4. Contabilização adequada

A empresa centralizadora deve contabilizar as parcelas a serem ressarcidas como direitos de créditos a recuperar. As empresas beneficiárias devem proceder de forma idêntica, apropriando como despesa apenas a parcela que lhes cabe.

5. Escrituração destacada

Deve ser mantida escrituração destacada de todos os atos diretamente relacionados com o rateio das despesas administrativas, observando as leis comerciais e fiscais, conforme previsto no art. 265 do RIR/2018.

Aplicação às remessas para o exterior

A Solução de Consulta nº 94/2019 analisou especificamente o caso de uma empresa brasileira que realizava remessas ao exterior para empresa do mesmo grupo econômico, localizada nos Estados Unidos, a título de reembolso de despesas decorrentes de atividades compartilhadas.
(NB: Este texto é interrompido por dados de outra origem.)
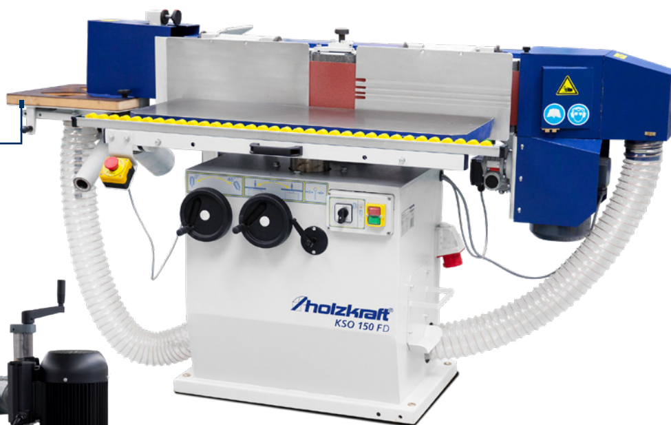
Fig. : KSO 150 FD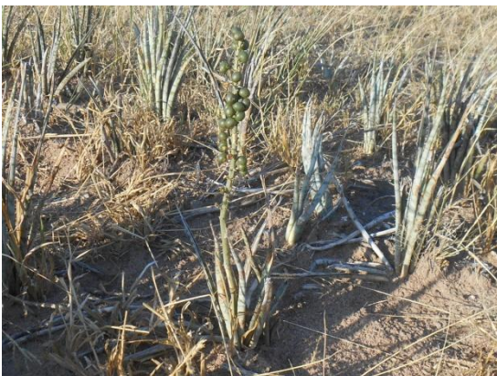
Sansevieria aethiopica met vrugte wat later oranje verkleur

Blare of die risome wat gekook is, kan teen aambeie, maagsere en inwendige parasiete verligting bring, as jy dit kou. Dit het 'n anti-inflammatoriese werking (wetenskaplik bewys!)

A Receita Federal esclareceu que o entendimento consolidado na Solução de Divergência Cosit nº 23/2013, que tratava originalmente de rateio de despesas entre empresas do mesmo grupo econômico domiciliadas no Brasil, também se aplica quando uma das empresas está localizada no exterior.
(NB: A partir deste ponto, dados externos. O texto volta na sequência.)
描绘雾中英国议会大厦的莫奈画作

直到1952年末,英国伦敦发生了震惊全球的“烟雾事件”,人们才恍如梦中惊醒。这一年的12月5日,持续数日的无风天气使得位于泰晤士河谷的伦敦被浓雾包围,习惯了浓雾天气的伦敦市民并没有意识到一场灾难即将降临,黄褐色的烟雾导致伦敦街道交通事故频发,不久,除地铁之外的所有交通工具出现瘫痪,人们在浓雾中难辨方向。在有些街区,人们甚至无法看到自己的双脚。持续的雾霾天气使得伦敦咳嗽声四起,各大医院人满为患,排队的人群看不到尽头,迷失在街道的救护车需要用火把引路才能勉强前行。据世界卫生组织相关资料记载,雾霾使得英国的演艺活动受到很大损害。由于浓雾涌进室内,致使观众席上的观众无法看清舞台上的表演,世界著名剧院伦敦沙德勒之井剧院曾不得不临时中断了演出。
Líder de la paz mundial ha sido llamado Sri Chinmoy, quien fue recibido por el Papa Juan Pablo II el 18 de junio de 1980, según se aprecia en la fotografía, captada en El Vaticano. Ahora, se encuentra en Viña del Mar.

Assim, os valores remetidos ao exterior a título de reembolso de despesas decorrentes de atividades realizadas por empresa pertencente ao mesmo grupo econômico são dedutíveis na apuração do IRPJ e da CSLL, desde que atendidos todos os requisitos mencionados anteriormente.

Fundamentos legais para a dedutibilidade na CSLL

É importante destacar que, embora o art. 57 da Lei nº 8.981/1995 e o art. 28 da Lei nº 9.430/1996 estabeleçam que se aplicam à CSLL as mesmas normas de apuração e pagamento do IRPJ, isso não significa automaticamente que todas as regras de ajustes no lucro líquido (adições e exclusões) previstas para o IRPJ sejam estendidas à CSLL.
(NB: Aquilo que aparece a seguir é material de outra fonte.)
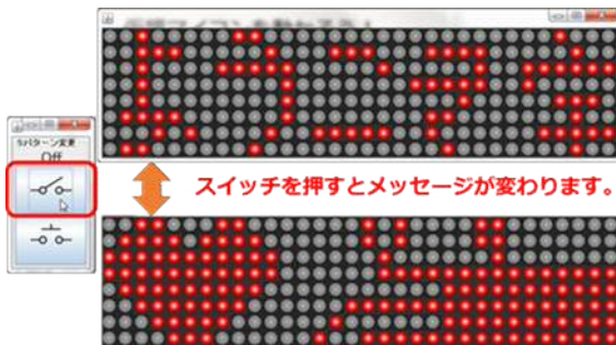
パソコン上でプログラムを編集し 表示パターンを作成

A dedução fiscal de despesas compartilhadas na base de cálculo da CSLL é possível em razão de fundamentos legais específicos:

  • Art. 13, caput, da Lei nº 9.249/1995, combinado com o art. 47 da Lei nº 4.506/1964
  • Art. 2º, § 1º, alínea “c”, da Lei nº 7.689/1988
  • Art. 50, § 1º, da Lei nº 12.973/2014, combinado com o art. 8º do Decreto-Lei nº 1.598/1977
  • Art. 62, parágrafo único, e item 43 do Anexo I da Instrução Normativa RFB nº 1.700/2017

Pontos de atenção para as empresas

As empresas que utilizam ou pretendem implementar estruturas de compartilhamento de custos devem estar atentas aos seguintes aspectos:

  1. Formalizar adequadamente o acordo de rateio entre as empresas, estabelecendo critérios objetivos e razoáveis
  2. Garantir que os valores rateados correspondam apenas aos custos efetivos, sem adição de margens de lucro
  3. Manter documentação comprobatória detalhada dos custos incorridos e dos critérios utilizados para o rateio
  4. Realizar a contabilização adequada dos valores, tanto na empresa centralizadora quanto nas beneficiárias
  5. Observar possíveis impactos em outros tributos não abordados na Solução de Consulta, como IRRF e CIDE

É essencial que a operação de compartilhamento de custos seja revestida de clareza, razoabilidade, formalidade, assentamento contábil correto e conformidade com a legislação fiscal.

Conclusão

A dedução fiscal de despesas compartilhadas entre empresas do mesmo grupo econômico, inclusive em operações internacionais, é admitida pela legislação tributária brasileira, desde que observados os requisitos estabelecidos pela Receita Federal.

Esta possibilidade representa uma importante ferramenta de planejamento empresarial, permitindo a otimização de recursos e redução de custos administrativos sem comprometer a dedutibilidade fiscal das despesas incorridas.

As empresas devem, no entanto, estar atentas ao cumprimento integral dos requisitos formais e materiais para garantir a dedutibilidade desses valores na apuração do IRPJ e da CSLL, evitando questionamentos futuros por parte das autoridades fiscais.